The Baha’i Mashriqul-Adhkar: Spiritual Symbol or Economic Tool?

163

Introduction

Spirituality and religion are two closely related and interconnected concepts. Religion provides guidance for human happiness and well-being, with one of its fundamental principles being a connection with the source of existence—God. The Baha’i Mashriqul-Adhkar, is introduced within the Baháʼí community as a symbol of spirituality. However, its diverse architectural styles and predetermined locations raise challenging questions in the public mind regarding the faith’s claim to religious authenticity.

At the same time, some believe that spirituality can be experienced without following a specific religion. This perspective often revolves around fostering positive feelings, hope, and inner peace through various methods, as well as finding joy in different aspects of life. Some of these experiences include practices such as yoga and meditation, which lead individuals toward inner tranquility, or engaging in adventures like exploring nature and hiking. These activities, through both mental and physical exercises, enhance one’s sense of meaning and connection with the world.
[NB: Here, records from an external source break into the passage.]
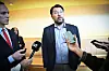 Sverigedemokraternas partiledare Jimmie Åkesson (SD) anländer sent till en pressträff.
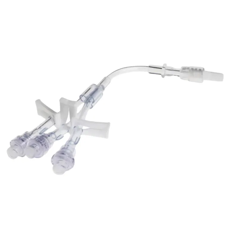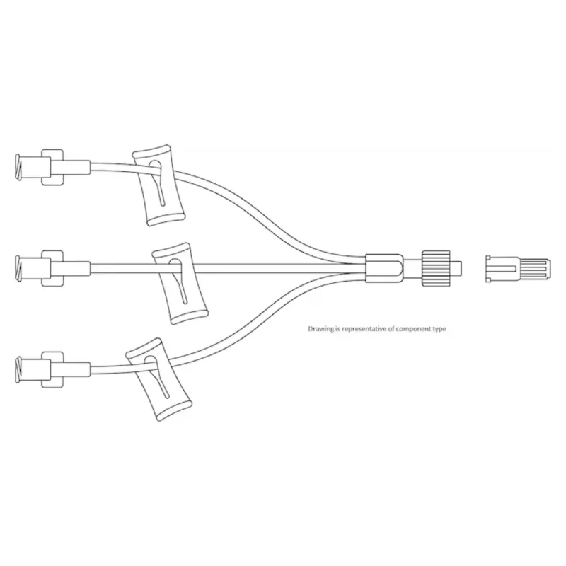 The BD Q-Syte Tri-Extension Needle-free Connector with 15 cm Macro Bore Set and Spin Nut is a medical device designed to facilitate intravenous (IV) therapy access. This device provides a closed system for fluid and medication administration, aiming to minimize the risk of microbial contamination and accidental needle-stick injuries. The connector features a split septum design that allows for luer access while maintaining a closed fluid path.
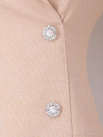 襟付き 袖あり パフスリーブ ビジューボタン プリーツ Vカット フレアミニドレスのメイン画像3
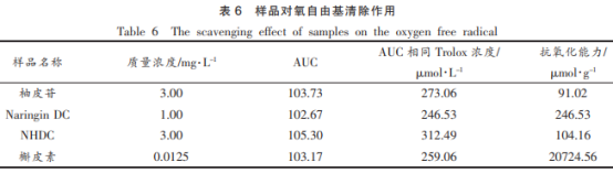 科學研究了柚皮苷、NariNgiNDC、NHDC及原兒茶醛4種試品對鐵離子的氧化作用,以VC為對比,以其濃度值-吸光度值制作標曲y=0.0006x 0.0943(R2=0.9998),4種試品對鐵離子的氧化作用以VC的相同復原工作能力時的使用量表明,結果如表5所顯示。
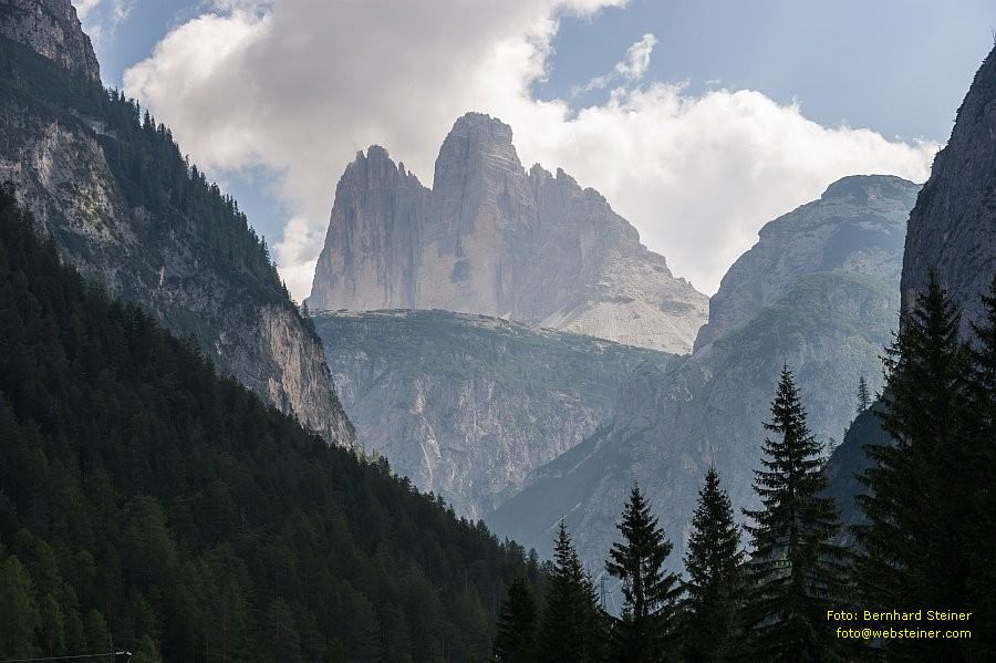 Von Bruneck 37 km entfernt kommt man zum Aussichtspunkt zum bekanntesten Teil der Dolomiten: Drei Zinnen.

Also, self-awareness and personal development, shaped through social interactions, encourage individuals to help others, fostering a sense of satisfaction and engagement with society. This process creates a spiritual experience, strengthening the connection between individuals and their communities. Although each of these approaches has positive aspects, personal spiritual experiences alone cannot fully define the relationship between humans and their Creator. This lack of authenticity becomes evident when the commercialization of such experiences spreads worldwide under various labels.
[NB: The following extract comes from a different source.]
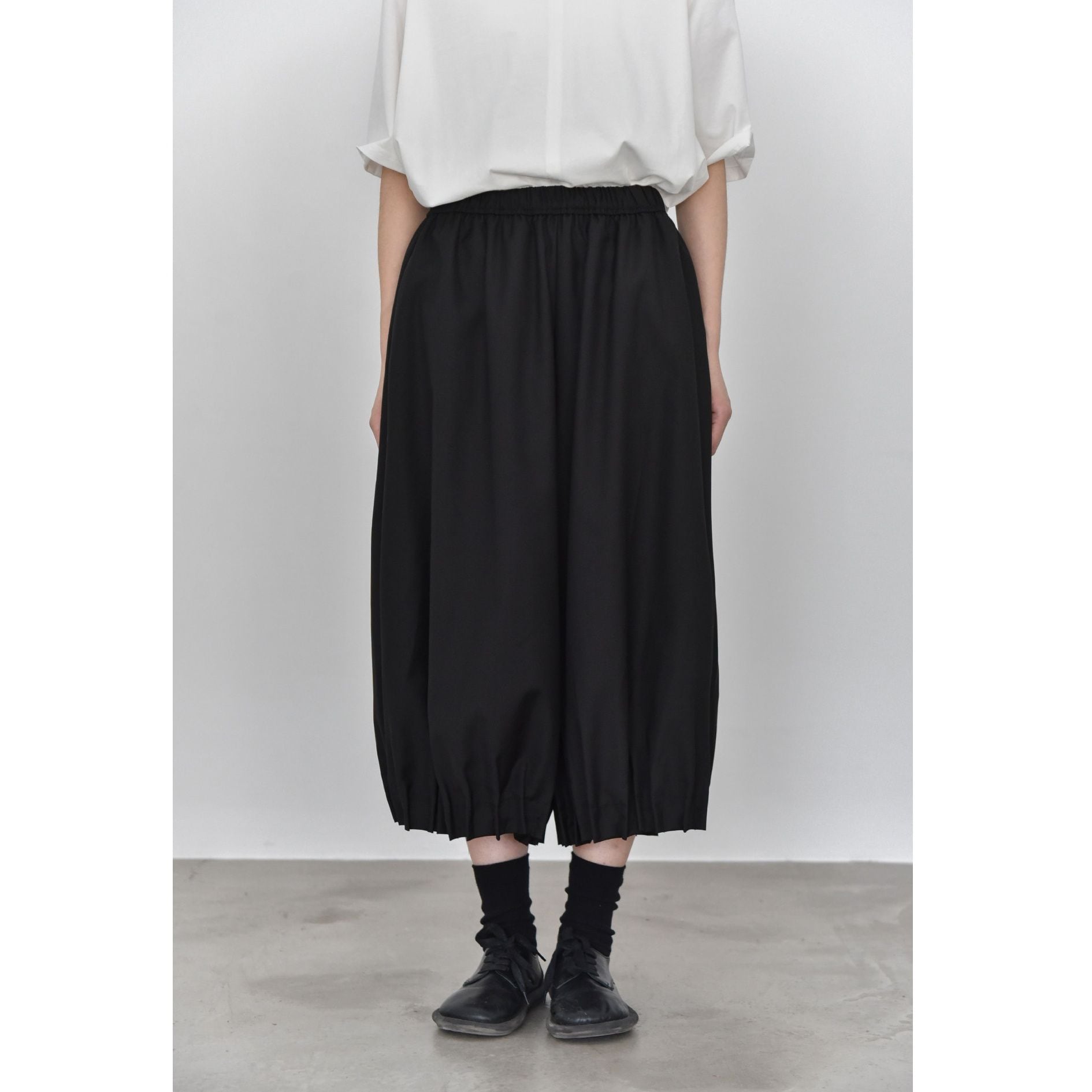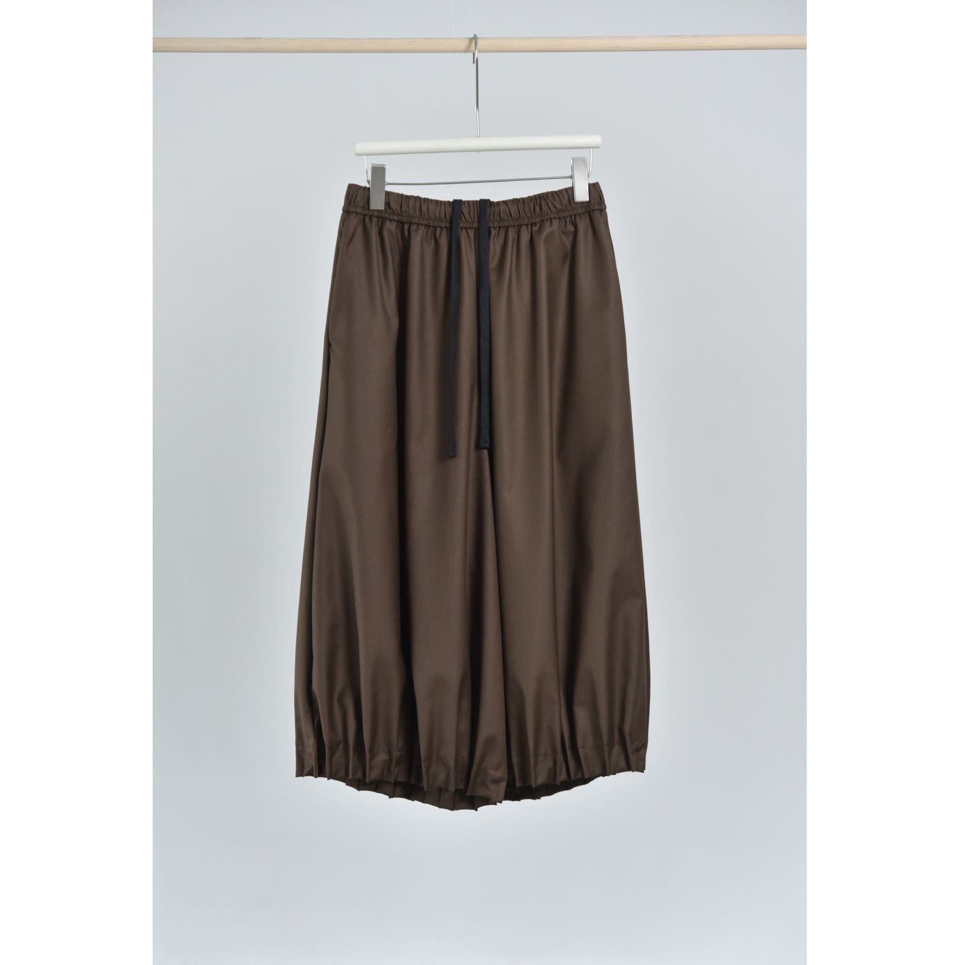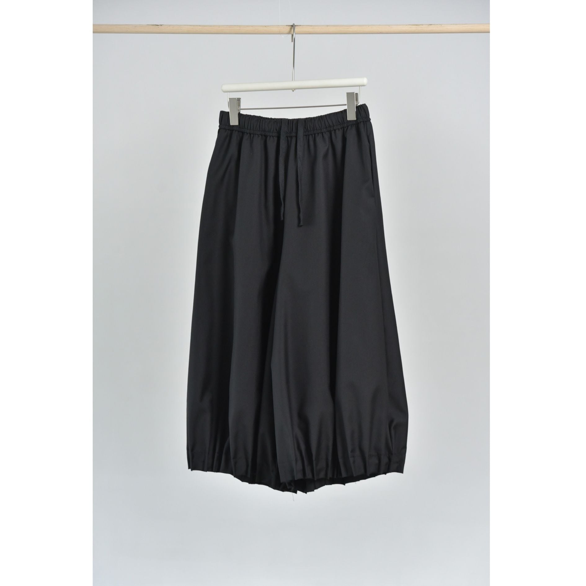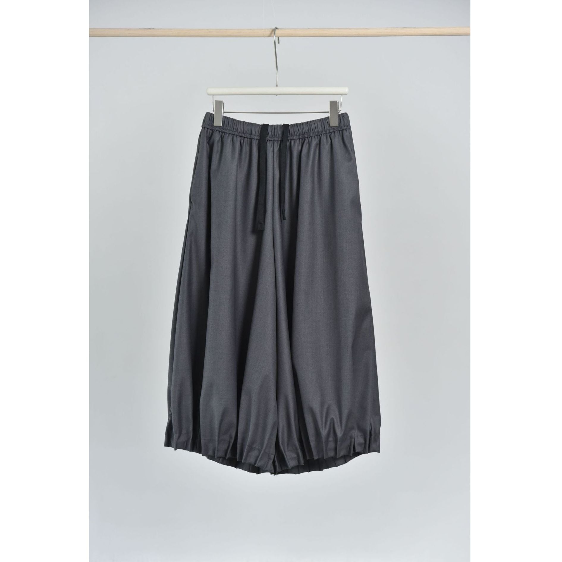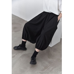 裾がプリーツ加工されたランタンのようなシルエットがお洒落な、ワイドレッグ・クロップドパンツです。ウエストはドローストリングで、履き心地が良いです。レッグラインをカバーする、オンでもオフでも使える着まわし力の高いアイテムです。色は3色から選べます。

Like other intellectual movements, the Bahá’í Faith has also capitalized on this trend. One example is the establishment of the “Mashriqul-Adhkar”, introduced as a Bahá’í place of worship, promoting spirituality detached from religious affiliation within different societies. This perspective has been adapted and integrated into local cultures by Bahá’í communities.

 

What is the Baha’i Mashriqul-Adhkar?

The charismatic movement of the Bahá’í Faith can be analyzed within the framework of concepts such as secularism, humanism, individualism, and capitalism.[1] This is because Bahá’í teachings and leadership emphasize shared values across societies, aiming to create overlaps with various aspects of these ideas. Consequently, Bahá’í spirituality has been shaped within these contexts, seeking social recognition, particularly in communities where religious pluralism, modern intellectual movements, and individualism have developed under liberalism and democracy.

After presenting the claim that “We have no clergy,” the Bahá’í administration strategically prepares audiences to enter a space called the Mashriqul-Adhkar. This approach creates a welcoming and unrestricted atmosphere for individuals. At first glance, visitors may feel free to choose their own style of prayer and worship based on their ethnicity, nationality, or religious background. However, in reality, promotional messaging around the Baha’i Mashriqul-Adhkar suggests that this freedom may be more limited than it initially appears.

The presence of Bahá’í missionaries, the distribution of promotional books and brochures related to the twelve principles, special programs for children, and efforts to integrate them into the organization are all structured methods of recruitment within the Bahá’í Faith. These initiatives, originally introduced by Bahá’í leaders, have now evolved into policies directed by the Universal House of Justice. Therefore, the Bahá’í claim that “We have no clergy” does not negate the ideological influence and authority exercised within Bahá’í society.

Entering such a space is reminiscent of the story of “Pinocchio and the Land of Toys”—a fictional world where a colorful lollipop and a coachman are enough to captivate a child’s attention. In this imagined city, spirituality is used to offer unrestricted freedom to children in an environment free from parental supervision and traditional educational structures. However, in the end, this seemingly liberating experience subtly leads them toward submission in a different form.

 

How was the first Baha’i Mashriqul-Adhkar built?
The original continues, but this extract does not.